If you're browsing articles on this site, two things are probably true.  First, you're probably in Chicago, or associated with Chicago in some way.  Second, you're probably interested in start-ups. Seem like fair assumptions?
 
If you have any thoughts of thriving, or even surviving in either of those worlds, you're going to need this one key trait above all others: resilience. 
 
First, as it relates to Chicago. This winter is killing us. We've had our 35th day of measurable snowfall.  Four 'snow days' that closed schools. The temperature has dropped below zero 16 times. When is the last time you've seen the sun? How many times have you dug your car out? Shoveled your walkway? How many shovels have you broken? Have you replaced your car battery? Fixed a frozen pipe? Slipped on ice?
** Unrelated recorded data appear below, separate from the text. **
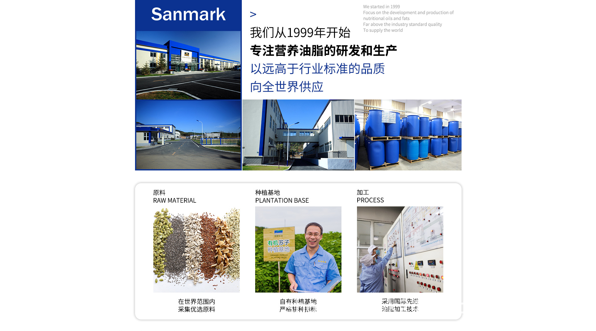 自有70000平米生產基地,自有有機種植基地,20年出口品質;歐盟生產標準,出口全球40多個國家和地區,服務200家企業;全球第一個通過GMP認證的油脂企業;十項國際認證
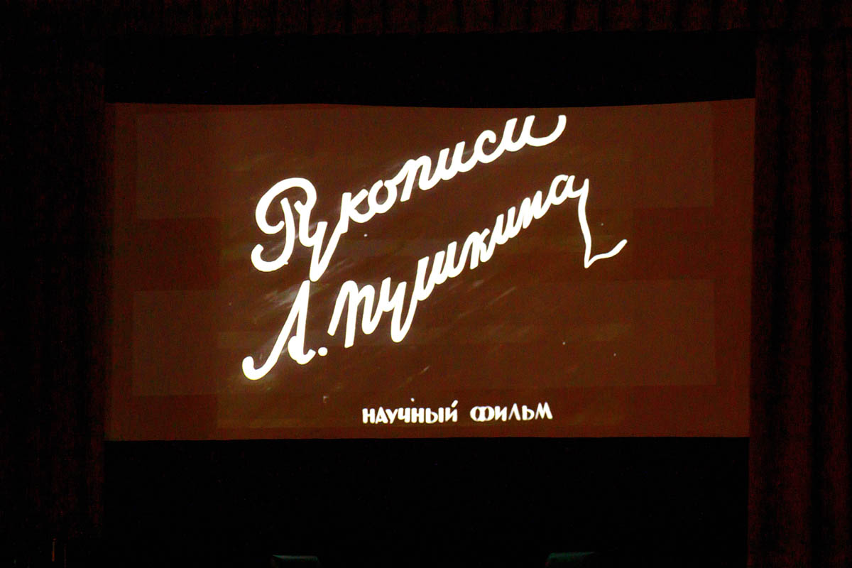На первом кинопоказе в РГБ зрители увидели фильм Сергея Владимирского и Анатолия Егорова «Рукописи Пушкина» (1937). Авторы картины вместе со знаменитым литературоведом и историком кино Наумом Клейманом на примере черновика поэмы «Медный всадник» разобрали, как поэт работал над своими произведениями, выбирал лучшие формулировки.
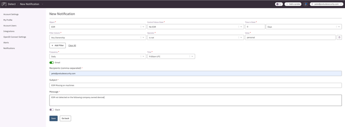 - Object - This is linked to the control category (EDR, Email, Endpoint Management)
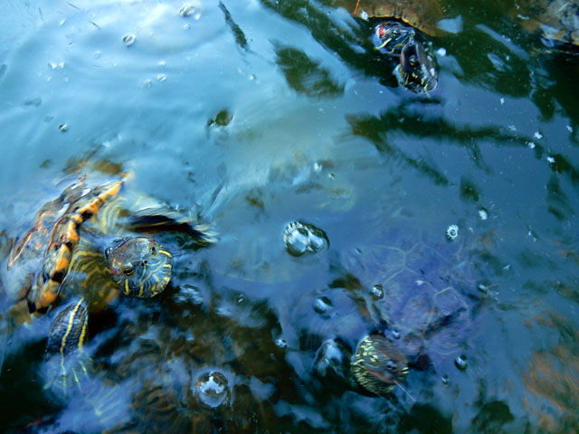 〈本日のタイトル解説:『 亀池で 我も我もと 泳ぎ来る。・°・。(・・;) 』〉
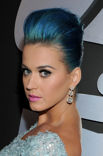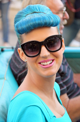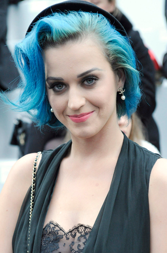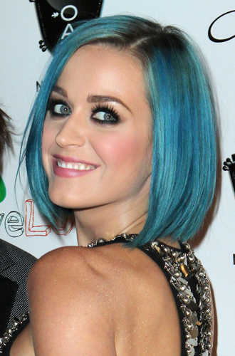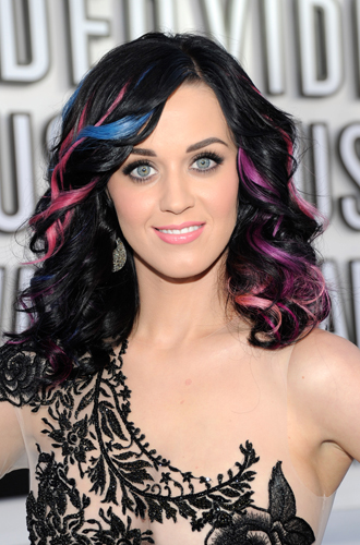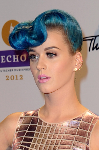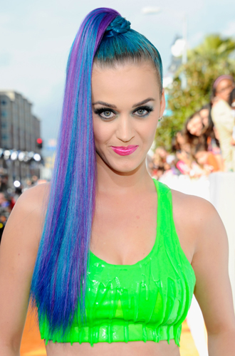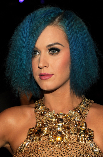Эксперименты Перри с цветом волос начались в 2010 году с цветных париков, и синий цвет был прекрасен. Здесь нужно отдать должное и визажистам, подобравшим для такого фееричного образа эстетично правильный мейкап ─ графичные стрелки, которые время от времени тоже разбавлялись цветом, и розовую губную помаду «бабл гам». А вот и его трансформации, которые подтверждали, что «цвет настроения» для Кэти не пустые слова.
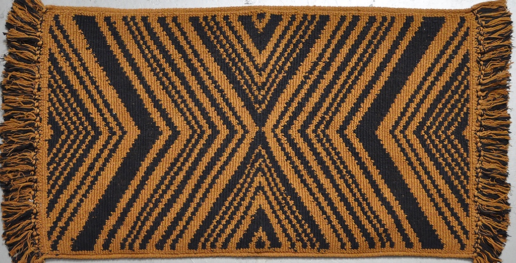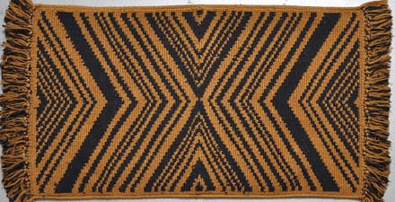 tawny brown & black zig zag design design, finished knotted fringe edge
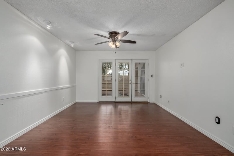 Listing details for 540 May -- #1148, Mesa, AZ 85201 : Inviting apartment in Los Racimos Community! Enter to see an open layout featuring neutral paint, a blend of wood-style & tile flooring, & French doors to the patio for indoor-outdoor flow. A striking mirror in the dining area enhances the sense of space & light! The kitchen offers plenty of cabinetry, built-in appliances, track lighting, & a two-tier peninsula w/breakfast bar. This gem includes two generously sized bedrooms, each with spacious closets. One of the bedrooms enjoys private access to the patio! The bathroom has a convenient tub/shower combination. Plus, a stacked washer & dryer for everyday ease. Enjoy relaxing on your private covered patio with a storage room. There's one assigned covered parking space & one assigned uncovered space. Two community pools! Don't miss it!
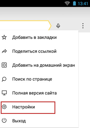Запускаємо цей веб-оглядач, натискаємо на кнопку меню в правому верхньому кутку і з випав списку вибираємо пункт «Налаштування»:
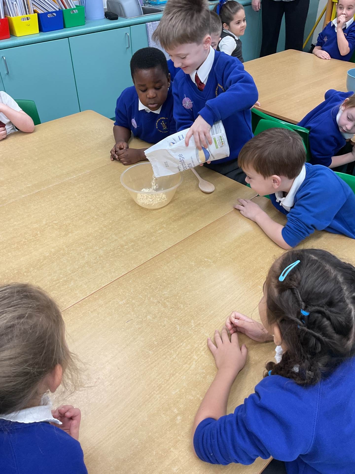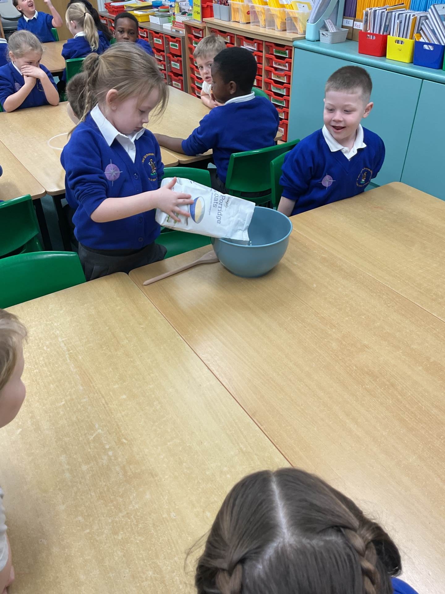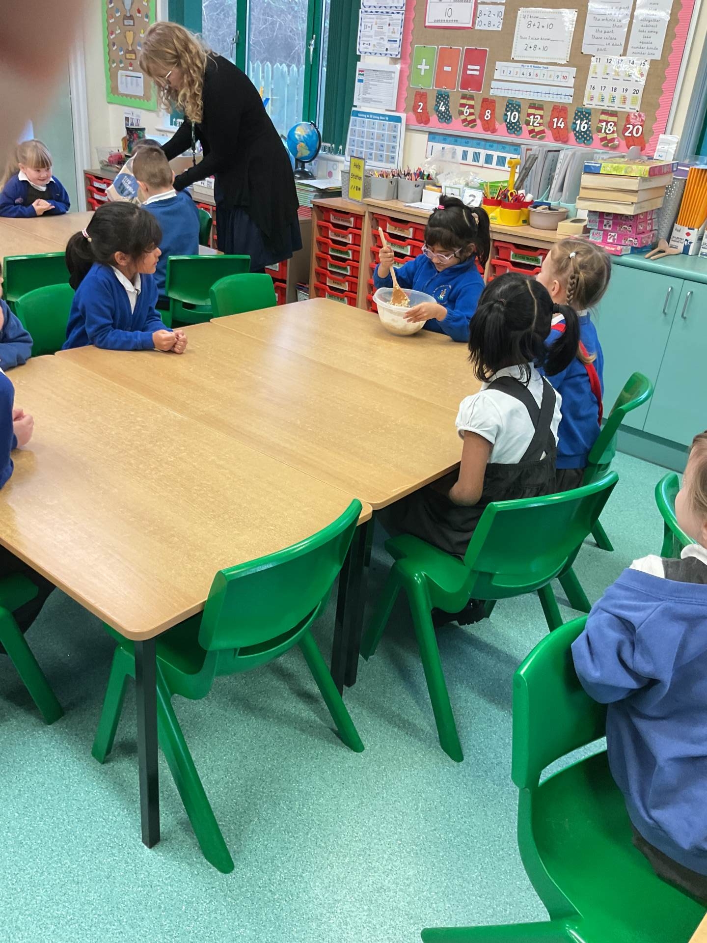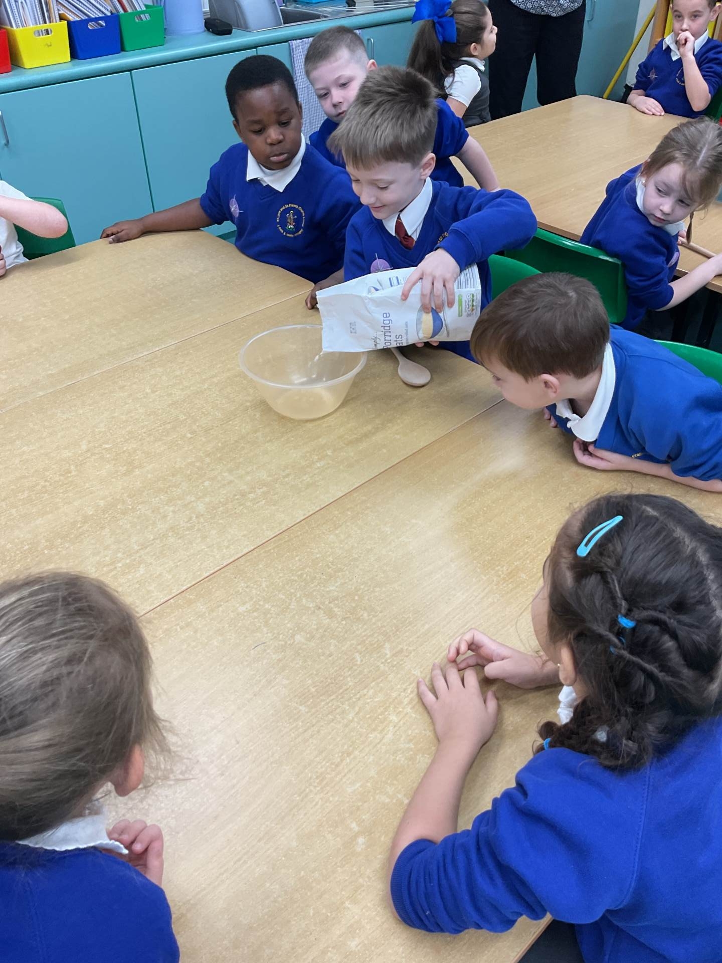 The children worked in groups to create their porridge. They even got to taste it at the end!

Been the victim of 'switching problems' on the CTA?
 
And yet each morning, through it all, we wake up, bundle up, and go to work.  And it is hard. It takes resilience. You get through one day, then another, another, and before you know it, the 'gloomy and cold' forecast has turned to 'sunny and cold', and things are looking up.  Pitchers and catchers report to camp, the tulips begin to shoot up, and you remember why you live in this great city.
 
The other pre-req to reading this is that you're interested in start-ups.  Maybe you'd like to be part of one, maybe you are part of one. And this is true, even though you know your odds - that most will fail.
 
You're choosing the start-up lifestyle even though you're having a harder time than you imagined making sales.  Even though you're running out of funding. Even though you're having trouble finding funding.  
 
The odds are stacked against you, but the vision of success, the feeling of being a part of something meaningful, the joy of doing something you love - these are the reasons you fight the odds every day.
 
And what happens if you're in that 75% of start-ups that fail, and you have to close your doors? You get up, lick your wounds, and get back out there.  Just like we do in Chicago winters.  Maybe you tweak your idea, or maybe you have a new idea. You go back out there armed with a new set of experiences, a new set of lessons, and you try again - this time all the wiser.  You are resilient, because you have to be.
 
For inspiration you remind yourself of those that came before you.  You remember that Airbnb had a collection of maxed-out credit cards before they made it. You remind yourself that Evernote was days away from having to close its doors before turning things around. 
 
And you remember what Thomas Edison said: "I am not discouraged, because every wrong attempt discarded is another step forward."
 
So you get up, bundle up, and get back to work.